But what sword would the General carry? As Mary put it, his daily weapon, which “dispatched more of Napoleon’s horde to Hades than you can imagine,” was likely the Pattern 1796 Heavy Cavalry Sword. He was probably in the Guards as he was the son of an earl. These were the British Army’s shock troops, armored and riding great chargers (Imperator, Fitzwilliam’s Stallion, was a giant). In today’s parlance about hacking (electronic, not martial), their blade uses “brute force” to be effective.
See the note:
“The trooper’s sword, and the officer’s undress sword, was a dedicated cutting weapon with a broad, heavy blade and was renowned as being completely unfit for delicate swordsmanship.” https://en.wikipedia.org/wiki/1796_Heavy_Cavalry_Sword
Photo Credit: Bygone Blades
Dialogue Notes
In The Exile, a character in 1886 comments that new legal protections protected young Kitty Bennet from fortune hunters, unlike Miss Darcy in 1810. The danger to Georgie from Wickham was the practice known as coverture. That word was never used in the body of the book. More needed to be said, and I took that opportunity in the note.
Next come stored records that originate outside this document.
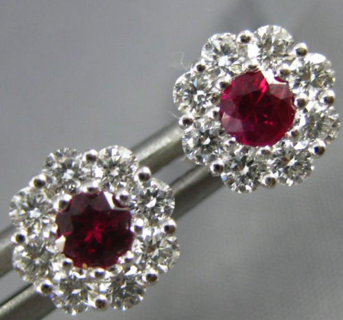 ESTATE 18KT WHITE GOLD STUD EARRINGS. 3D CLUSTER FLOWER CLASSIC DESIGN. DIAMONDS ARE F/G COLOR, VSSI CLARITY .39 CARATS. AAA RUBIES ARE .24 CARATS. MEASURES 7mm WIDE. WRITTEN APPRAISAL AVAILABLE. COMES IN A PRESENTABLE GIFT BOX.
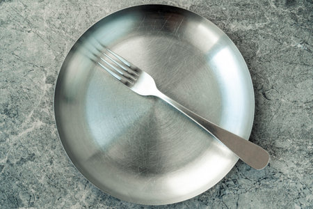 Empty steel metal plate with a fork. Kitchen utensils on grey marble table. Top view flat lay.
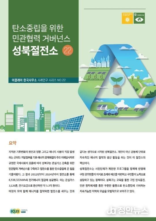 정안뉴스 안정주 기자 | 서울 성북구의 ‘탄소중립 민관협력 거버넌스 성북절전소’가 지난 9월 이클레이(ICLEI, 자치단체국제환경협의회) 우수사례로 선정되어 국내외 지방정부에 공유·확산됐다.
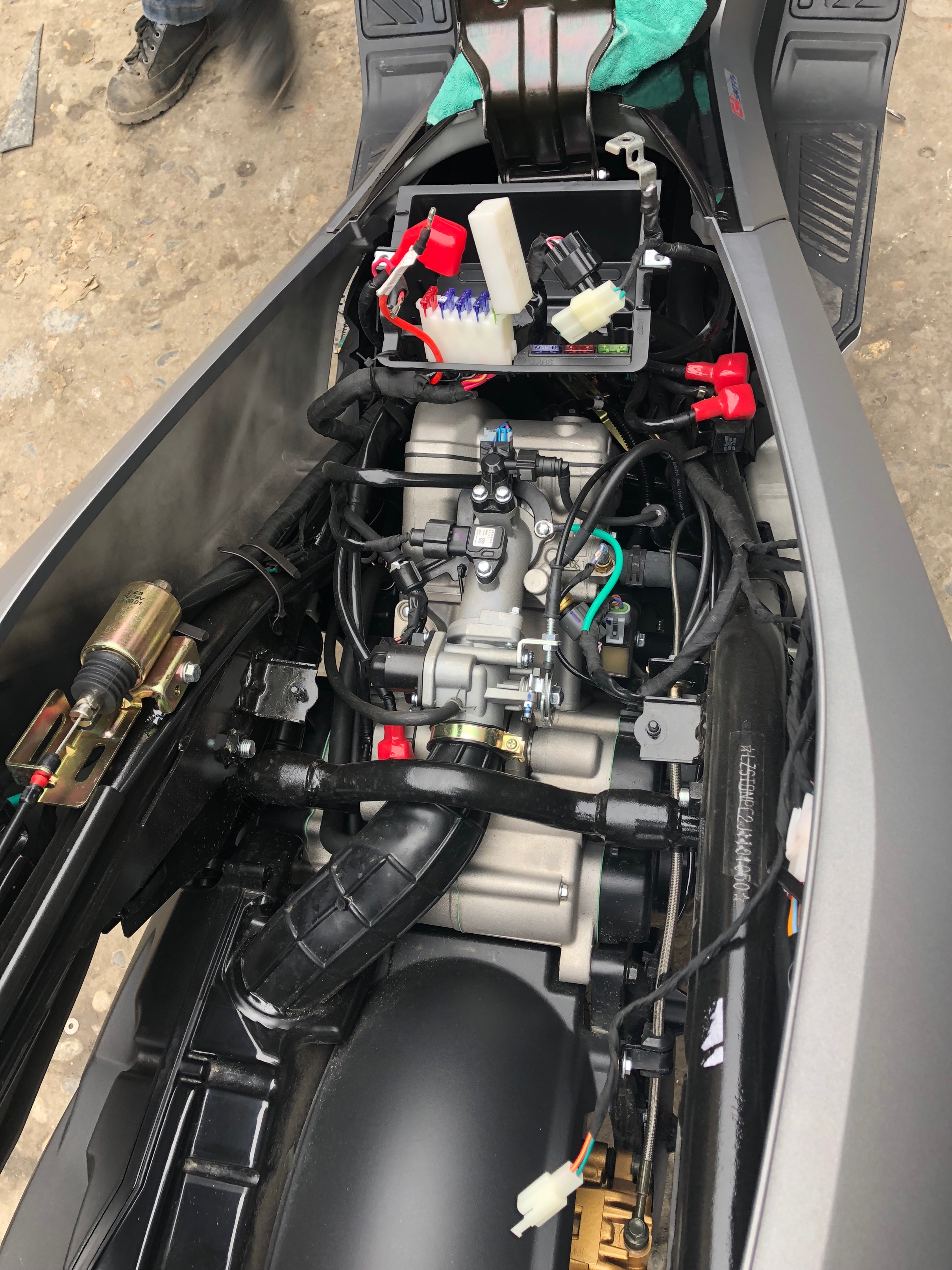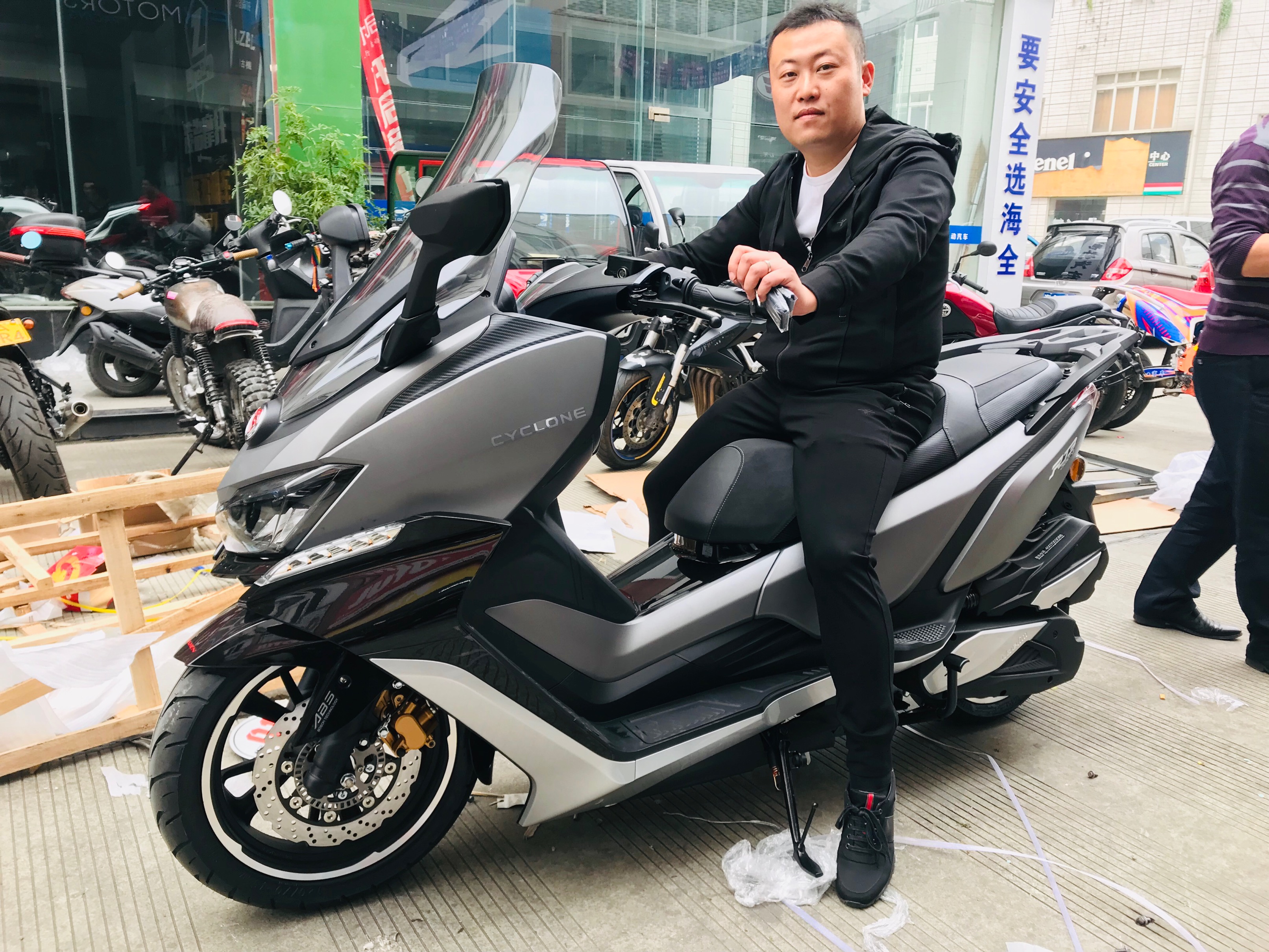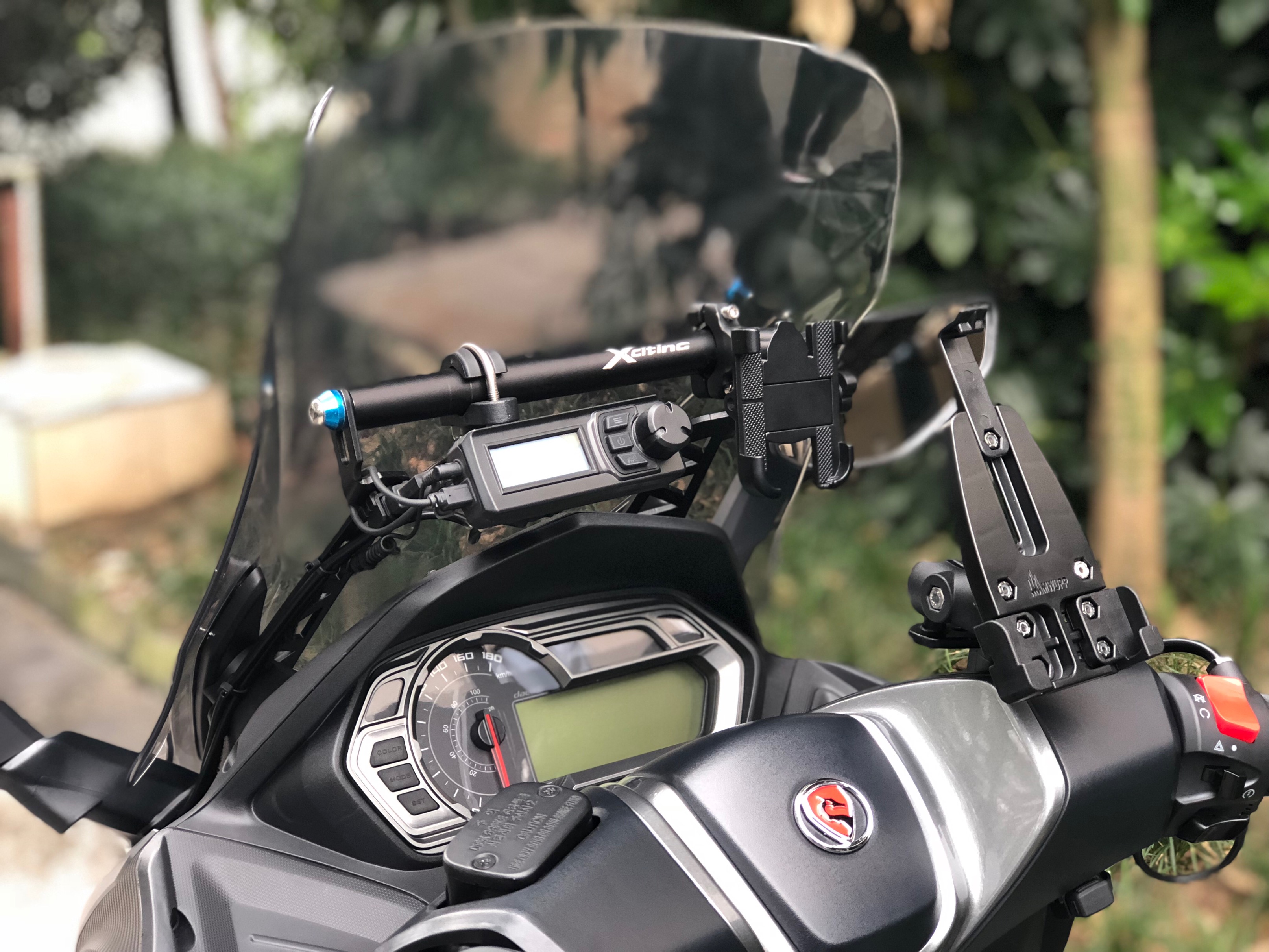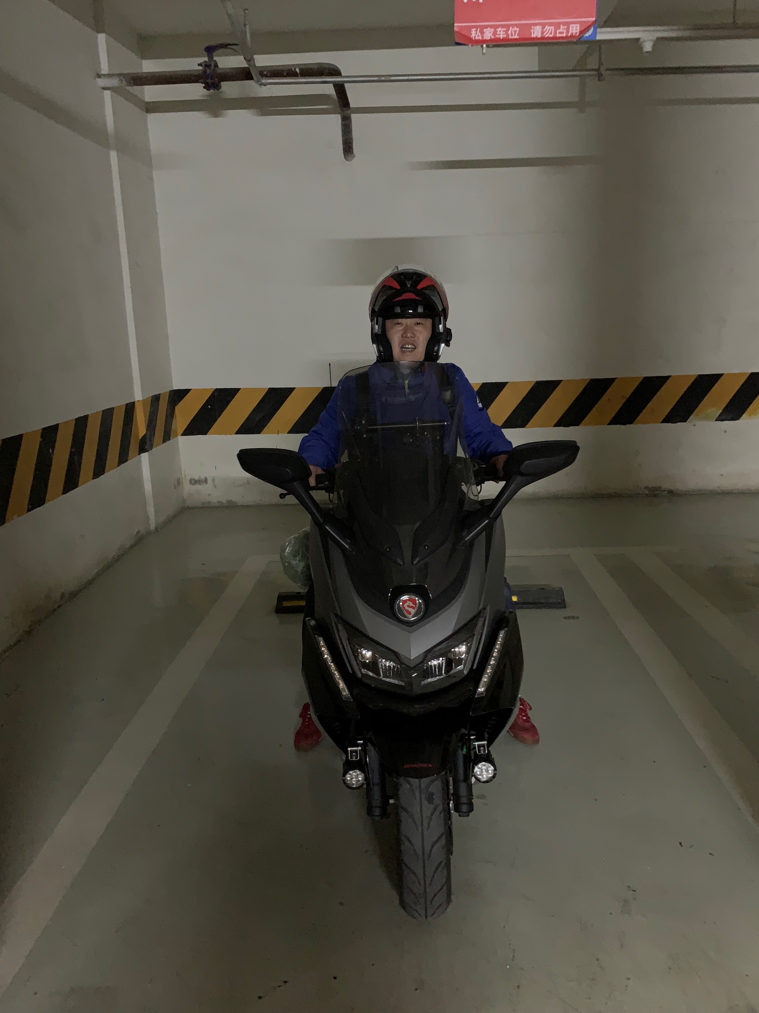 10月6日提车后,10月8日上班第一天在成都犀浦顺利上牌,验车一次通过。然后回到店里安装45升夏德尾箱,后来又加装了日本代购4挡可调电加热手把、甚高频电台、蓝牙适配器、铺路灯、后爆闪,将这辆看上去很漂亮的踏板车武装起来。

Coverture was a practice based upon the legal fiction that upon marriage, a man and a woman became one in the eyes of the law. Thus, a woman’s property became her husband’s to do with as he pleased. Hence Wickham’s search for an heiress—or, for that matter, Colonel Fitzwilliam’s. Sadly, Darcy and Bingley’s ability to “marry for love” was based on their income. The woman could only regain direct use of and title to her remaining pre-marital property if she outlived her husband. The Married Woman’s Property Acts of 1870, 82, 84, and 93 gave women rights to their property even within the confines of their marriage.
I did refrain from editorializing here…despite my distaste at coverture.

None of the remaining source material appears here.